Tag Archives: tap water

Impact of partial lead service line replacement

Doré E, Deshommes E, Laroche L, Nour S, Prévost M. Lead and copper release from full and partially replaced harvested lead service lines: Impact of stagnation time prior to sampling and water quality. Water Research 2018 Dec 3;150:380-391. doi: 10.1016/j.watres.2018.11.076.

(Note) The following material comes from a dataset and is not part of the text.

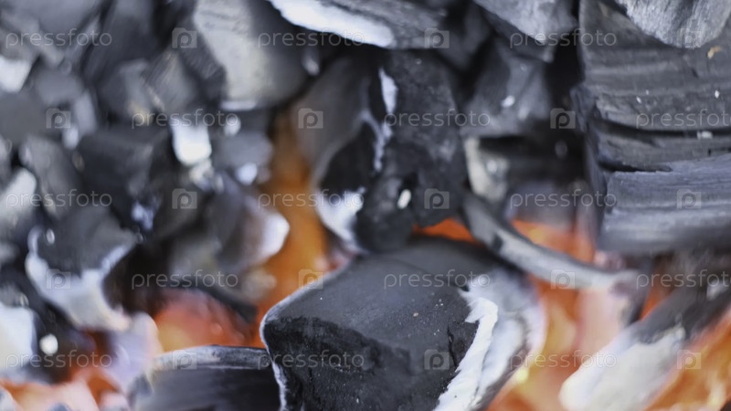 Близкий план сжигания угля для гриля. Концепция. Сжигание черного угля для приготовления пищи на гриле. Угли горят и дымятся. Сезон барбекю и грилла

Partial lead service line replacement (PLSLR) results in the addition of a new galvanic connection and can increase lead concentrations at the tap. Focus has been given to minimizing lead release after PLSLR, but little information is available on the impact of lead remedial actions on copper concentrations, especially before passivation occurs. The impact of water quality (decreased chloride-to-sulfate mass ratio from 0.9 to 0.3; addition of orthoP; pH increase to 8.3) on lead and copper concentrations was investigated after stagnation (30 min-336 h) in a pipe rig comparing full lead service line (LSL), and two configurations of partial LSLs (Cu-Pb and Pb-Cu). Results show different trends for lead and copper: maximum lead concentrations were reached in 16 h while copper concentrations continued to increase over 336 h. Lead release rates were also the highest in the first 16 h of stagnation and were strongly impacted by water quality and the configuration of PLSLR (Cu-Pb vs Pb-Cu). Increasing the sampling flow rate from 5 to 15 LPM drastically increased the particulate lead release (78-fold) in Pb-Cu configurations; this effect was however not observed in 100% Pb or Cu-Pb configurations. High velocity flushing prior to 16 h stagnation decreased total Pb release by a factor of 12-fold for Cu-Pb, 1.6-fold for Pb-Cu and 2.0-fold for 100% Pb. Results support the definition of sampling protocols targeted for the detection of lead and copper sources and the proscription of flushing prior to sampling.

USGS study confirms the good-quality of US tap waters

Bradley PM, et al. Reconnaissance of Mixed Organic and Inorganic Chemicals in Private and Public Supply Tapwaters at Selected Residential and Workplace Sites in the United States. Environmental science & technology. 2018 Nov 21. doi: 10.1021/acs.est.8b04622

Safe drinking water at the point-of-use (tapwater, TW) is a United States public health priority. Multiple lines of evidence were used to evaluate potential human health concerns of 482 organics and 19 inorganics in TW from 13 (7 public supply, 6 private well self-supply) home and 12 (public supply) workplace locations in 11 states. Only uranium (61.9 μg L-1, private well) exceeded a National Primary Drinking Water Regulation maximum contaminant level (MCL: 30 μg L-1). Lead was detected in 23 samples (MCL goal: zero). Seventy-five organics were detected at least once, with median detections of 5 and 17 compounds in self-supply and public supply samples, respectively (corresponding maxima: 12 and 29). Disinfection byproducts predominated in public supply samples, comprising 21% of all detected and 6 of the 10 most frequently detected. Chemicals designed to be bioactive (26 pesticides, 10 pharmaceuticals) comprised 48% of detected organics. Site-specific cumulative exposure-activity ratios (∑EAR) were calculated for the 36 detected organics with ToxCast data. Because these detections are fractional indicators of a largely uncharacterized contaminant space, ∑EAR in excess of 0.001 and 0.01 in 74 and 26% of public supply samples, respectively, provide an argument for prioritized assessment of cumulative effects to vulnerable populations from trace-level TW exposures.